Word’s picks: “Fay Wray and Robert Riskin,” by Victoria Riskin
Iconic “King Kong” star Fay Wray’s daughter Victoria comes up with an Empire State Building-sized winner with this thoughtful memoir, which also serves as a fascinating history of Hollywood in its rollicking 1930s prime.
Mike Lindgren, Word [126 Franklin St. at Milton Street in Greenpoint, (718) 383–0096, www.wordbookstores.com].
Community Bookstore’s pick: “Dirt,” by William Bryant Logan
This book, subtitled “The Ecstatic Skin of the Earth,” combines natural history, philosophy and memoir.

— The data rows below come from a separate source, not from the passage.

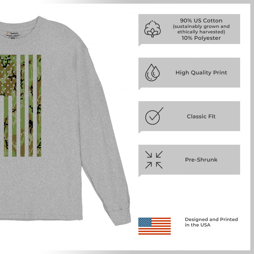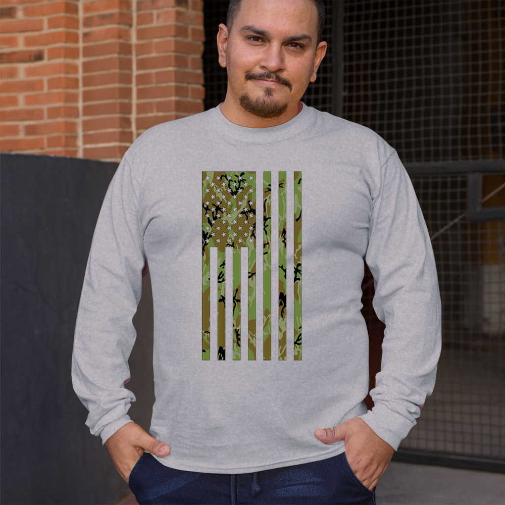 Show your American pride with this camouflage flag design. Perfect for veterans and patriots. Ideal for the 4th of July, Memorial Day, and Veterans Day.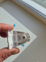 5. Кронштейны крепления, прилепленные на скотч, жалюзи снимаю с фиксатором. После этого кронштейн фиксируем саморезами к створке.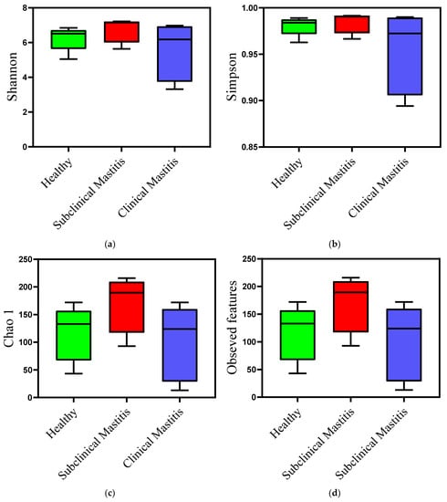 Diversity analysis using alpha diversity indices of microbiota of Nili Ravi buffalo milk with different udder health statuses: (a) Shannon diversity index, (b) Simpson diversity index, (c) Chao 1, (d) observed features.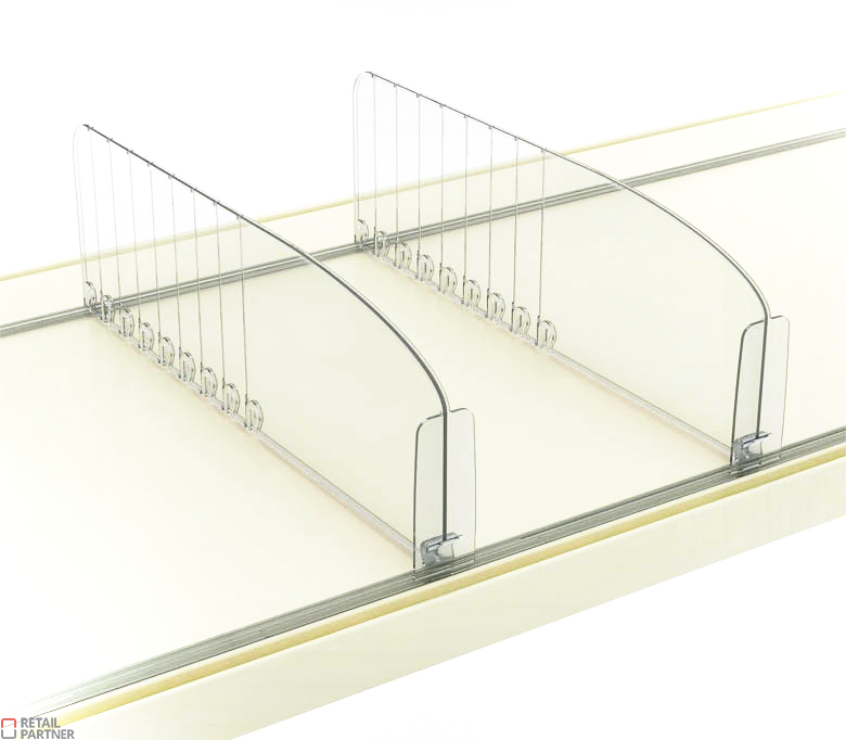 System montażu przegród jest łatwy i pasuje do większości półek sklepowych.
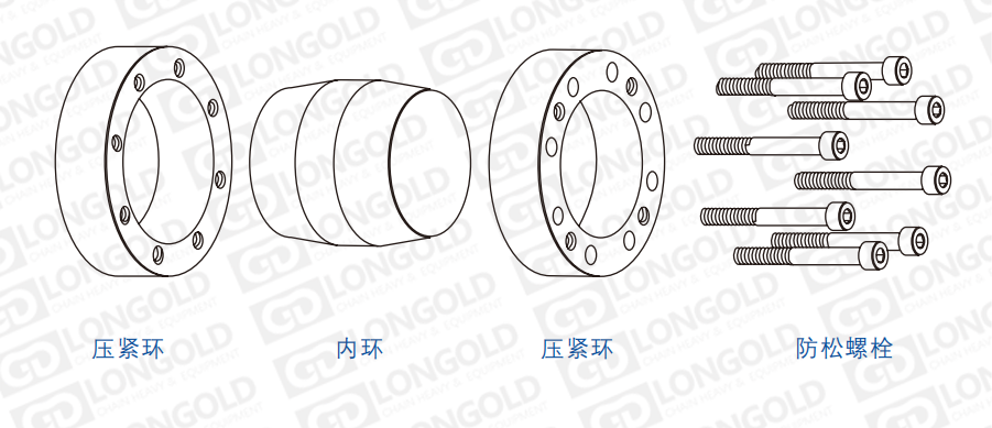 兩個帶內(nèi)錐?的壓緊環(huán)在壓緊螺釘?shù)淖?下,擠壓帶有外錐面的內(nèi)環(huán),使其收縮壓緊輪轂和軸,產(chǎn)?的徑向壓?和摩擦?將輪轂和軸聯(lián)結(jié)在?起。

Botanist William Logan Bryant produces an extended meditation on life on earth from the point of view of “that substance from which we all arise and to which we all must return.” A funny, poetic, and deeply re-orienting work.

— Samuel Partal, Community Bookstore [43 Seventh Ave. between Carroll Street and Garfield Place in Park Slope, (718) 783–3075, www.communitybookstore.net].
Greenlight Bookstore’s pick: “The Word For Woman Is Wilderness,” by Abi Andrews
This thoughtful exploration into a woman’s excursion to the Alaskan wilderness is the antithesis of Krakauer’s “Into the Wild,” tempered by homage to Rachel Carson’s “Silent Spring.” It reclaims nature and the tendency of adventure and travel writing to feel gendered by being fiercely feminist, without ever being overly so. As young women discover, reclaim, explore, and expand their roles as women in the world, this is an empowering, meditative book to take in.
— Rebecca Fitting, Greenlight Bookstore [686 Fulton St. between S. Elliott Place and S. Portland Avenue in Fort Greene, (718) 246–0200, www.greenlightbookstore.com].